EXERCISE DESCRIPTION: After locating the line with "The Academy of" in the entries below, output it and each following line up to and including the line with "Introducing the Trinkflasche", exactly and without pictures.

RECORD EXTRACTS:
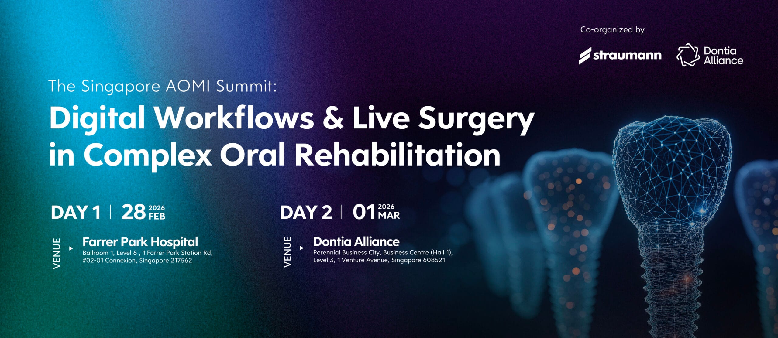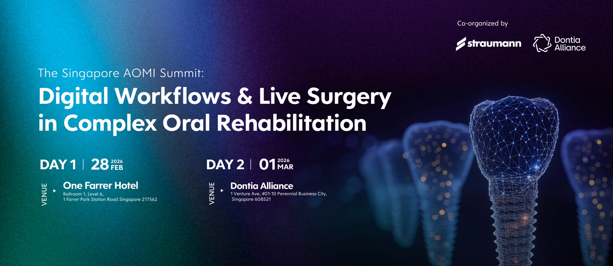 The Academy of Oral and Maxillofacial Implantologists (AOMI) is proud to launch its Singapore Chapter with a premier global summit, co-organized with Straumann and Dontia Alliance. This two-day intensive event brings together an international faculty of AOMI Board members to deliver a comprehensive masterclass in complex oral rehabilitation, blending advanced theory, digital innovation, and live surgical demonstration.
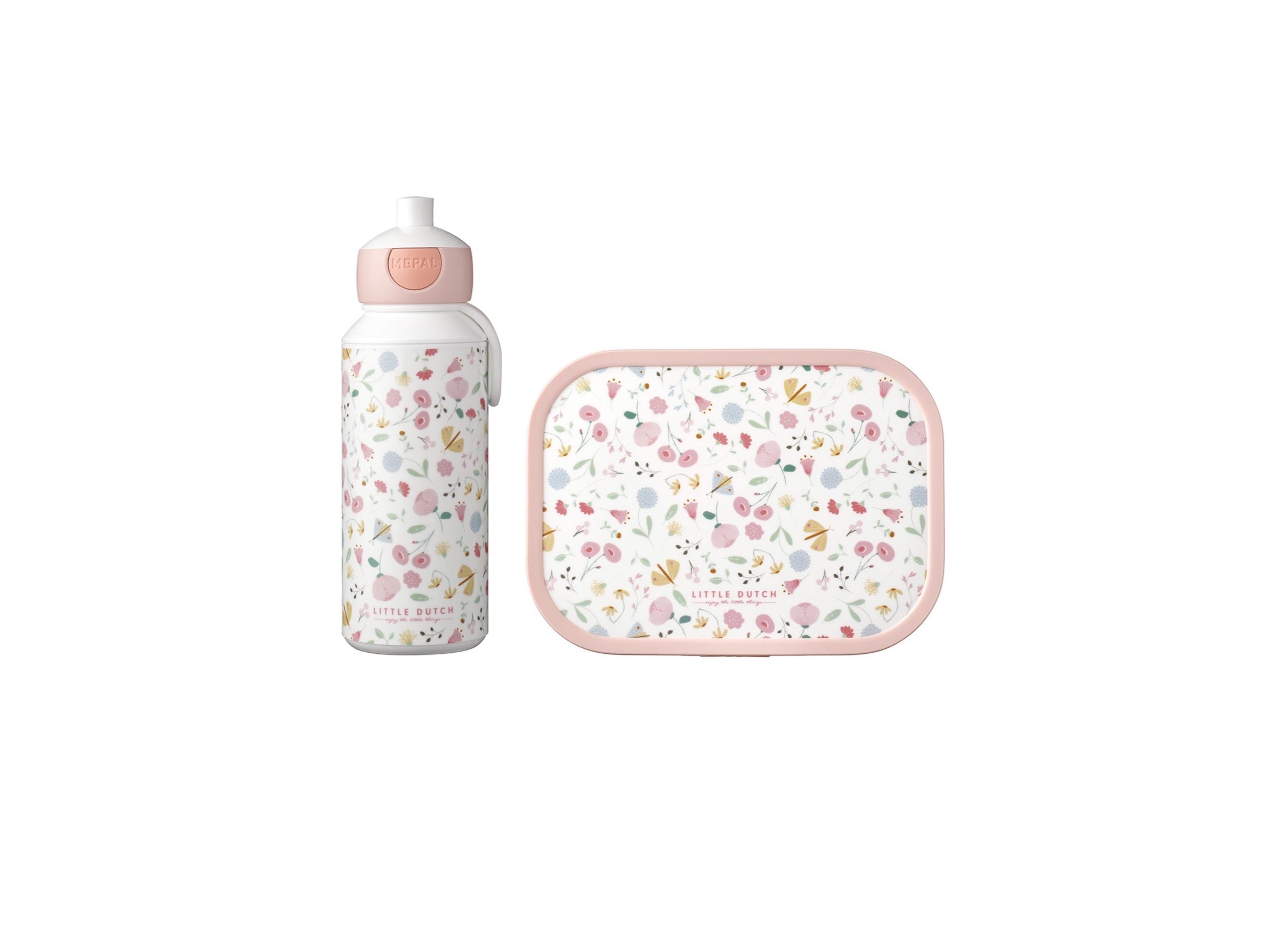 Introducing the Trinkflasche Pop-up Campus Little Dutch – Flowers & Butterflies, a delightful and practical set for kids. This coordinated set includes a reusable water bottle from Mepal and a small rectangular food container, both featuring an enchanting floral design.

---

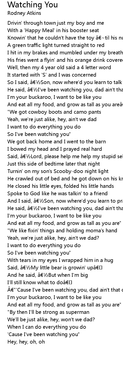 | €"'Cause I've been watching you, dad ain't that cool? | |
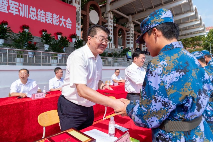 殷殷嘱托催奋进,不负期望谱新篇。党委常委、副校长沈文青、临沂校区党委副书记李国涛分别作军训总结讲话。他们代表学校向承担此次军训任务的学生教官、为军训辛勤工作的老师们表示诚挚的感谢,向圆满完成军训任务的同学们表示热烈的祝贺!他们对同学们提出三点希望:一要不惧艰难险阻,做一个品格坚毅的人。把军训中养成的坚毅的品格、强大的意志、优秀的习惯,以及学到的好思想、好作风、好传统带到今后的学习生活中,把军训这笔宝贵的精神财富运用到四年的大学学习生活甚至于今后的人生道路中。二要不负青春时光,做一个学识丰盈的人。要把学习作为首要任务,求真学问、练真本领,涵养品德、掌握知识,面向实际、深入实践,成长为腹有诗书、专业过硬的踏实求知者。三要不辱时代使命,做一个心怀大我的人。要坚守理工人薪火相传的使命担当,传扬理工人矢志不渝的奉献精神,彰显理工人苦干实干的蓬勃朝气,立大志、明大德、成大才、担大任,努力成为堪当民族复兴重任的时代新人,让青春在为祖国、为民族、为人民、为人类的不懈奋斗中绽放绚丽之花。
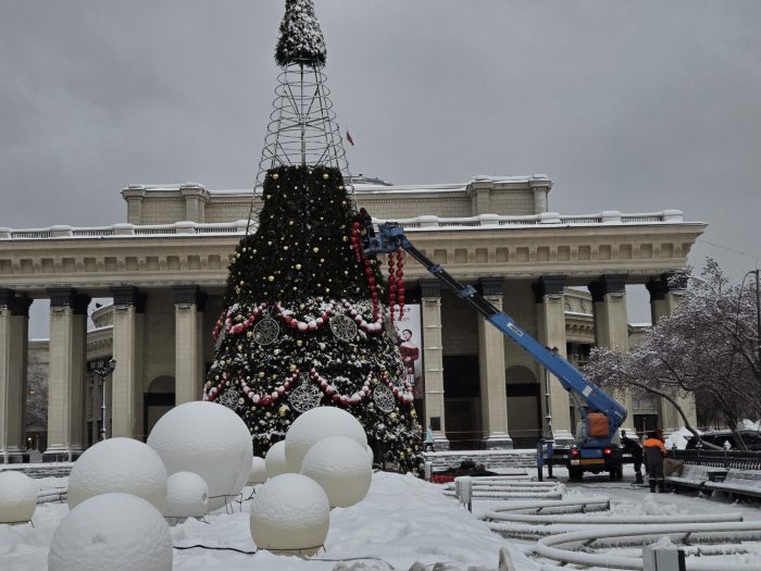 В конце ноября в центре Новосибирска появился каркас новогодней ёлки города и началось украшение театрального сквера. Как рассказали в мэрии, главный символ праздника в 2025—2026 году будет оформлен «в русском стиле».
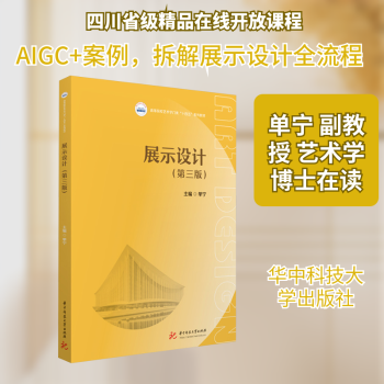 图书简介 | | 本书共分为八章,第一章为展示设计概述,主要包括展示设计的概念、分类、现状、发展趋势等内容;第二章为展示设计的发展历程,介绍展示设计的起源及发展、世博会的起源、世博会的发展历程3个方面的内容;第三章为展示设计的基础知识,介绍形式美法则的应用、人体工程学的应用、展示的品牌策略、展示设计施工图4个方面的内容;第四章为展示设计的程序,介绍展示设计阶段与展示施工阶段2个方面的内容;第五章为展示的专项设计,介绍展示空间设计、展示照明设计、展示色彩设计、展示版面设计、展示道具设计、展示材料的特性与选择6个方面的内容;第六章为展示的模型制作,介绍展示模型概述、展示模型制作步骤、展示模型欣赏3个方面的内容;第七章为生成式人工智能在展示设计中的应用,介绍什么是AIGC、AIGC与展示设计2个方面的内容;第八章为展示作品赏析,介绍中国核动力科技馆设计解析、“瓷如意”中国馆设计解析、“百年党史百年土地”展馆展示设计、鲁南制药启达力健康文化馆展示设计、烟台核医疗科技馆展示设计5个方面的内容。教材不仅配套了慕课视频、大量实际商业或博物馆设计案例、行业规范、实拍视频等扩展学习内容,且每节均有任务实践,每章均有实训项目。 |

RESULT:
 The Academy of Oral and Maxillofacial Implantologists (AOMI) is proud to launch its Singapore Chapter with a premier global summit, co-organized with Straumann and Dontia Alliance. This two-day intensive event brings together an international faculty of AOMI Board members to deliver a comprehensive masterclass in complex oral rehabilitation, blending advanced theory, digital innovation, and live surgical demonstration.
 Introducing the Trinkflasche Pop-up Campus Little Dutch – Flowers & Butterflies, a delightful and practical set for kids. This coordinated set includes a reusable water bottle from Mepal and a small rectangular food container, both featuring an enchanting floral design.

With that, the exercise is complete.